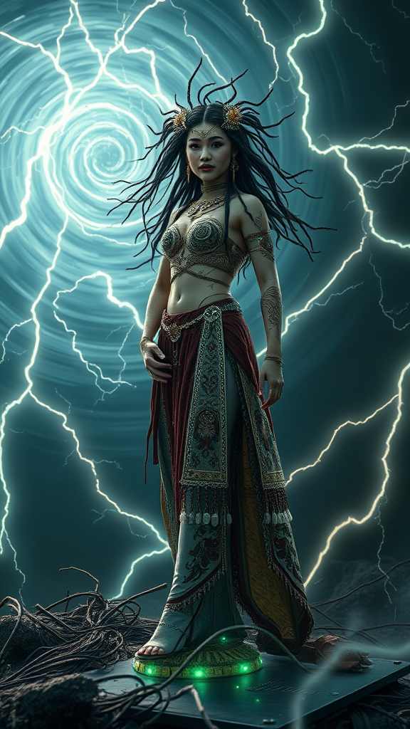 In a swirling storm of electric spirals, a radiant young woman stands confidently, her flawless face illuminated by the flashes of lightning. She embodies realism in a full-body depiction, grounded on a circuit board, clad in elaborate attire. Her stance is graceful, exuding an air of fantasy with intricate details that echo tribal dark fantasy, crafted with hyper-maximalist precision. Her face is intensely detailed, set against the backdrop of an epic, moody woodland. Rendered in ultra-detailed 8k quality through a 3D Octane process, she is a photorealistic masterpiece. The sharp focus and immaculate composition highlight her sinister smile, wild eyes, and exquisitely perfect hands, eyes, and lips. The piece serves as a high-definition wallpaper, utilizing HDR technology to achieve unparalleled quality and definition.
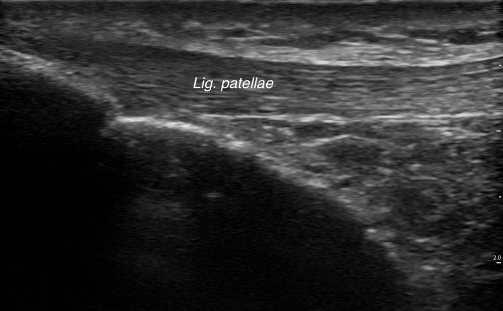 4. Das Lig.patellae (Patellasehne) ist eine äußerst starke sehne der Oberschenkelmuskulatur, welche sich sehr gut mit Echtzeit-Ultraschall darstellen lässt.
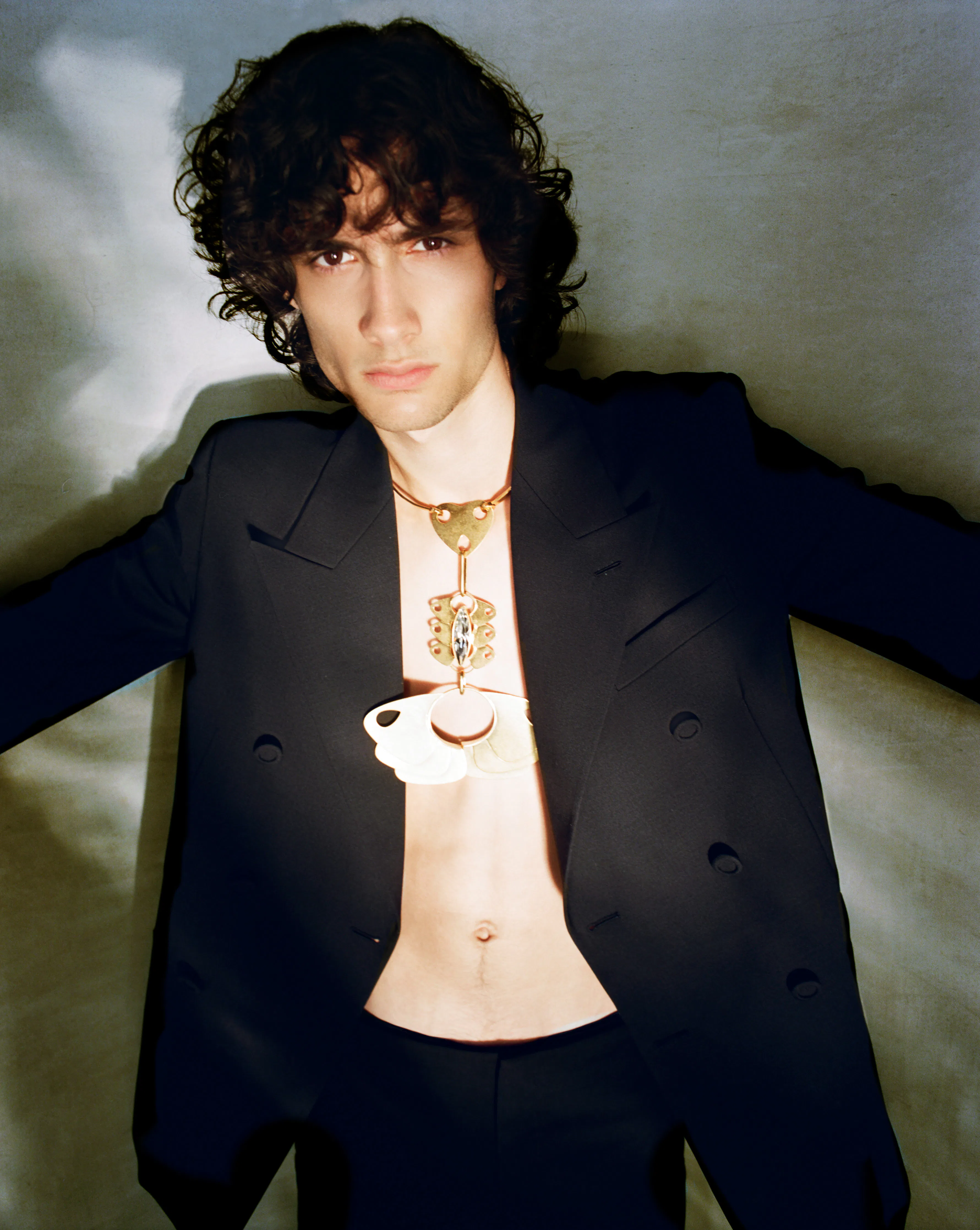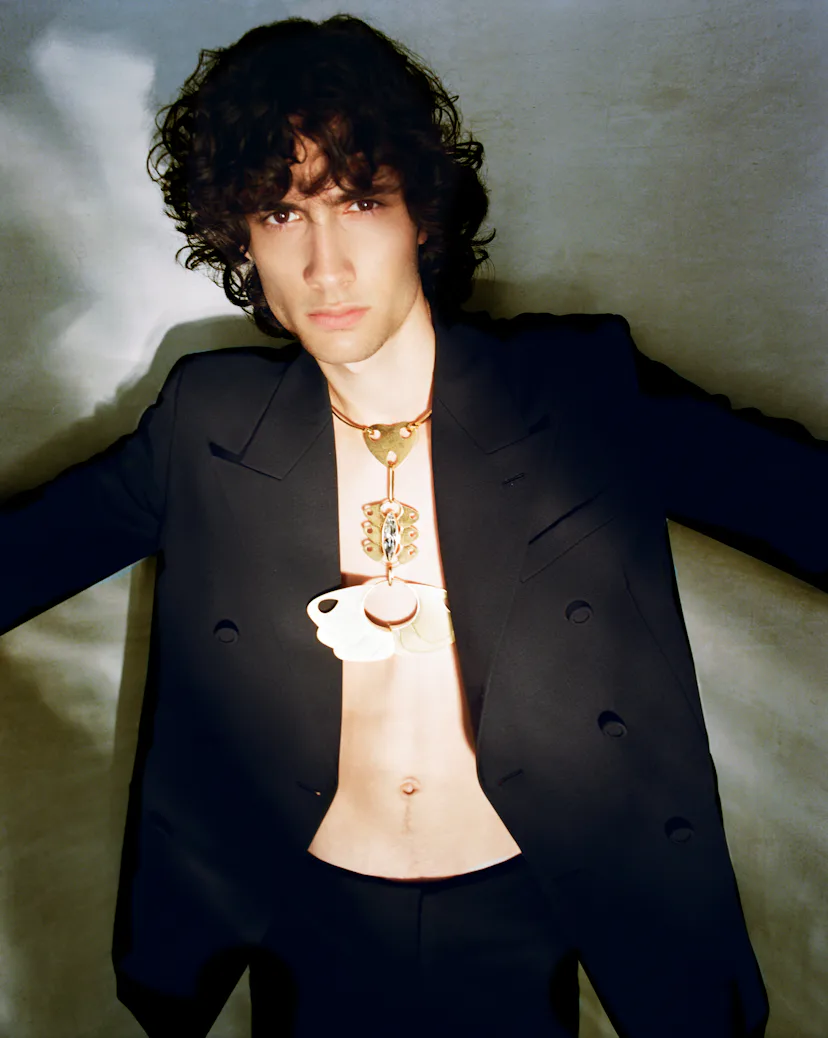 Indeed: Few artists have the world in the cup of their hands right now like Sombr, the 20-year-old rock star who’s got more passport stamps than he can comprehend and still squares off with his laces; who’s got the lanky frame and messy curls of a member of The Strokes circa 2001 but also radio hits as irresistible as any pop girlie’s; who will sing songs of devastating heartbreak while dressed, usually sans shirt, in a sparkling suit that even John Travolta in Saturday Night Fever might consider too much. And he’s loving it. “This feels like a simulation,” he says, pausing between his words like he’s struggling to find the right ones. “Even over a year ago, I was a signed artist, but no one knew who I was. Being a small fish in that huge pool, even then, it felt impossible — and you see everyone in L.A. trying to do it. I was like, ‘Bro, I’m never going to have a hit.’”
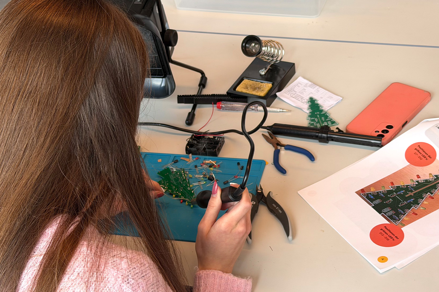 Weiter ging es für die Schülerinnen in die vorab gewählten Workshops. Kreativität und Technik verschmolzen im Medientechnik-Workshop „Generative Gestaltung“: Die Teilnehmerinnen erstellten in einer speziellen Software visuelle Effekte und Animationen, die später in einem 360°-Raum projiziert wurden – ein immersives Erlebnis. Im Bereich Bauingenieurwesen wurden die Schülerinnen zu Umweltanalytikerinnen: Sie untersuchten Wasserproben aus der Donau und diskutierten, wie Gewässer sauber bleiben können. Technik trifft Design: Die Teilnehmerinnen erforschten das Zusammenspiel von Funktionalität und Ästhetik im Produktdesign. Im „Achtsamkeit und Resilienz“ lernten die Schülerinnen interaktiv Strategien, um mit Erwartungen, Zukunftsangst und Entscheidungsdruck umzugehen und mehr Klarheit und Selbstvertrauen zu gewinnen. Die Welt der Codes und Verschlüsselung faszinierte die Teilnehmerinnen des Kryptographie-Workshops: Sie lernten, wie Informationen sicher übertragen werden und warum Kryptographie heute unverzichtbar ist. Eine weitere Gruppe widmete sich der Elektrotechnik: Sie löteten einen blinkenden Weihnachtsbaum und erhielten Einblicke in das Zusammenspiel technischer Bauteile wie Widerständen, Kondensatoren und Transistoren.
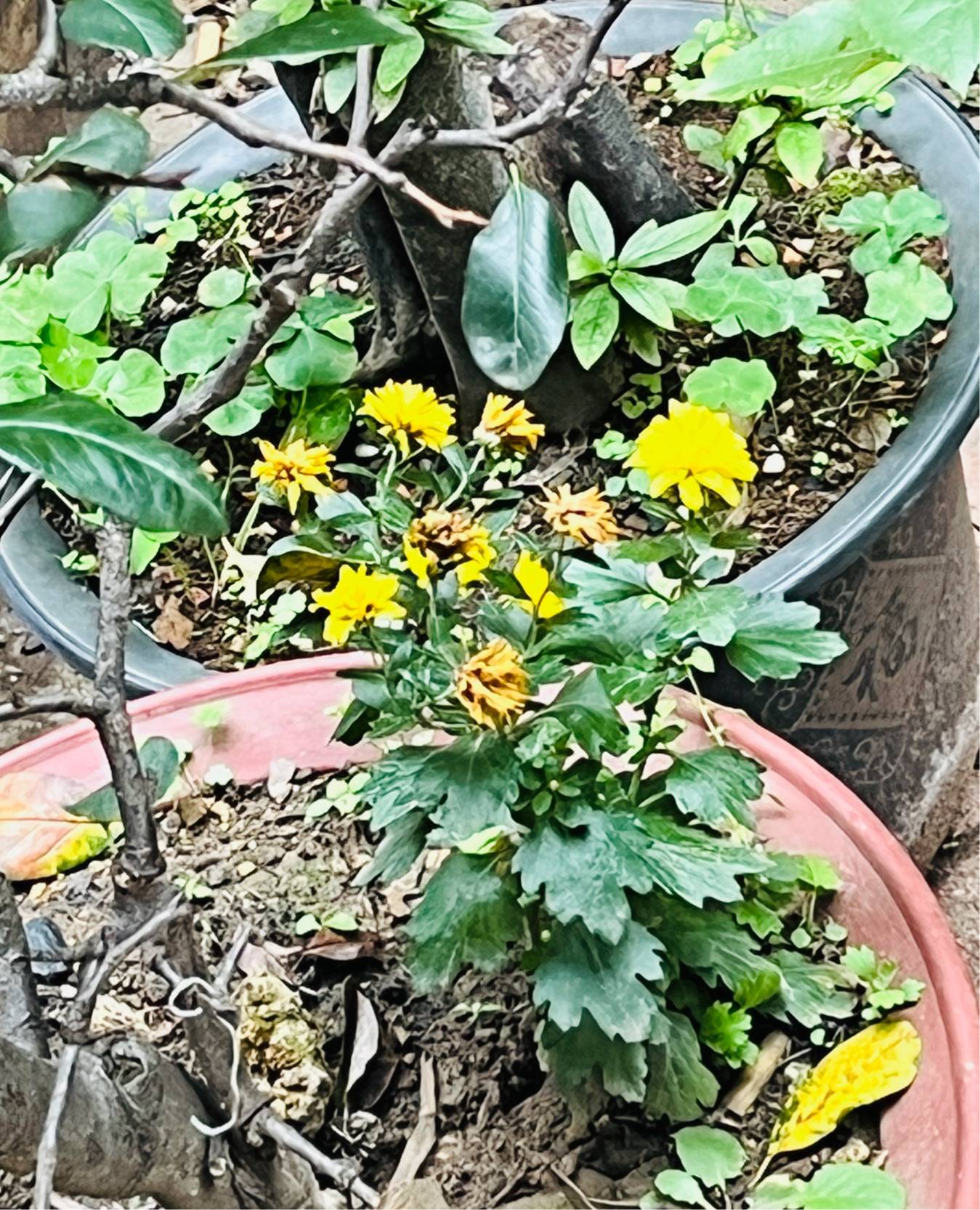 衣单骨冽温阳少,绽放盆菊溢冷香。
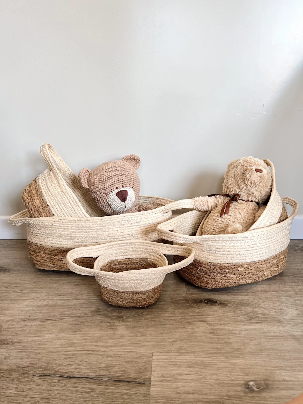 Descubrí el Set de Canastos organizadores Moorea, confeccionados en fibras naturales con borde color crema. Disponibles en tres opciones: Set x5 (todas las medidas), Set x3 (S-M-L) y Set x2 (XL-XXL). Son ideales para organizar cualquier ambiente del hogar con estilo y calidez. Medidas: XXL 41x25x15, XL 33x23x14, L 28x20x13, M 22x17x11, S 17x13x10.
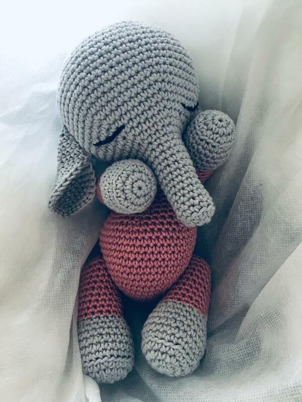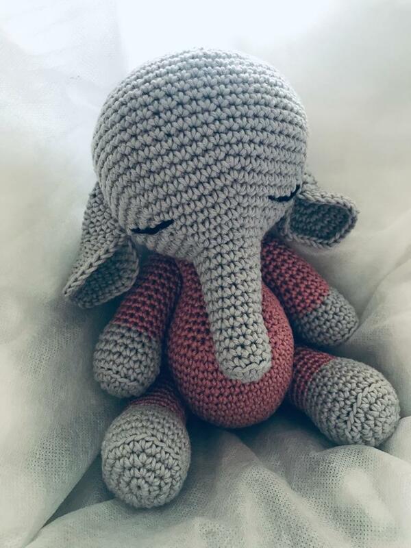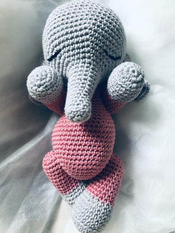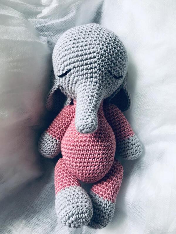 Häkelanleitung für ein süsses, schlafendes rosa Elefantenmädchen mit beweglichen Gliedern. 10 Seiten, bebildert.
-=-=-=-=-
Exercise requirements ::
Return the records above exactly as written. Do not include their images.

Response area ::
 In a swirling storm of electric spirals, a radiant young woman stands confidently, her flawless face illuminated by the flashes of lightning. She embodies realism in a full-body depiction, grounded on a circuit board, clad in elaborate attire. Her stance is graceful, exuding an air of fantasy with intricate details that echo tribal dark fantasy, crafted with hyper-maximalist precision. Her face is intensely detailed, set against the backdrop of an epic, moody woodland. Rendered in ultra-detailed 8k quality through a 3D Octane process, she is a photorealistic masterpiece. The sharp focus and immaculate composition highlight her sinister smile, wild eyes, and exquisitely perfect hands, eyes, and lips. The piece serves as a high-definition wallpaper, utilizing HDR technology to achieve unparalleled quality and definition.
 4. Das Lig.patellae (Patellasehne) ist eine äußerst starke sehne der Oberschenkelmuskulatur, welche sich sehr gut mit Echtzeit-Ultraschall darstellen lässt.
 Indeed: Few artists have the world in the cup of their hands right now like Sombr, the 20-year-old rock star who’s got more passport stamps than he can comprehend and still squares off with his laces; who’s got the lanky frame and messy curls of a member of The Strokes circa 2001 but also radio hits as irresistible as any pop girlie’s; who will sing songs of devastating heartbreak while dressed, usually sans shirt, in a sparkling suit that even John Travolta in Saturday Night Fever might consider too much. And he’s loving it. “This feels like a simulation,” he says, pausing between his words like he’s struggling to find the right ones. “Even over a year ago, I was a signed artist, but no one knew who I was. Being a small fish in that huge pool, even then, it felt impossible — and you see everyone in L.A. trying to do it. I was like, ‘Bro, I’m never going to have a hit.’”
 Weiter ging es für die Schülerinnen in die vorab gewählten Workshops. Kreativität und Technik verschmolzen im Medientechnik-Workshop „Generative Gestaltung“: Die Teilnehmerinnen erstellten in einer speziellen Software visuelle Effekte und Animationen, die später in einem 360°-Raum projiziert wurden – ein immersives Erlebnis. Im Bereich Bauingenieurwesen wurden die Schülerinnen zu Umweltanalytikerinnen: Sie untersuchten Wasserproben aus der Donau und diskutierten, wie Gewässer sauber bleiben können. Technik trifft Design: Die Teilnehmerinnen erforschten das Zusammenspiel von Funktionalität und Ästhetik im Produktdesign. Im „Achtsamkeit und Resilienz“ lernten die Schülerinnen interaktiv Strategien, um mit Erwartungen, Zukunftsangst und Entscheidungsdruck umzugehen und mehr Klarheit und Selbstvertrauen zu gewinnen. Die Welt der Codes und Verschlüsselung faszinierte die Teilnehmerinnen des Kryptographie-Workshops: Sie lernten, wie Informationen sicher übertragen werden und warum Kryptographie heute unverzichtbar ist. Eine weitere Gruppe widmete sich der Elektrotechnik: Sie löteten einen blinkenden Weihnachtsbaum und erhielten Einblicke in das Zusammenspiel technischer Bauteile wie Widerständen, Kondensatoren und Transistoren.
 衣单骨冽温阳少,绽放盆菊溢冷香。
 Descubrí el Set de Canastos organizadores Moorea, confeccionados en fibras naturales con borde color crema. Disponibles en tres opciones: Set x5 (todas las medidas), Set x3 (S-M-L) y Set x2 (XL-XXL). Son ideales para organizar cualquier ambiente del hogar con estilo y calidez. Medidas: XXL 41x25x15, XL 33x23x14, L 28x20x13, M 22x17x11, S 17x13x10.
 Häkelanleitung für ein süsses, schlafendes rosa Elefantenmädchen mit beweglichen Gliedern. 10 Seiten, bebildert.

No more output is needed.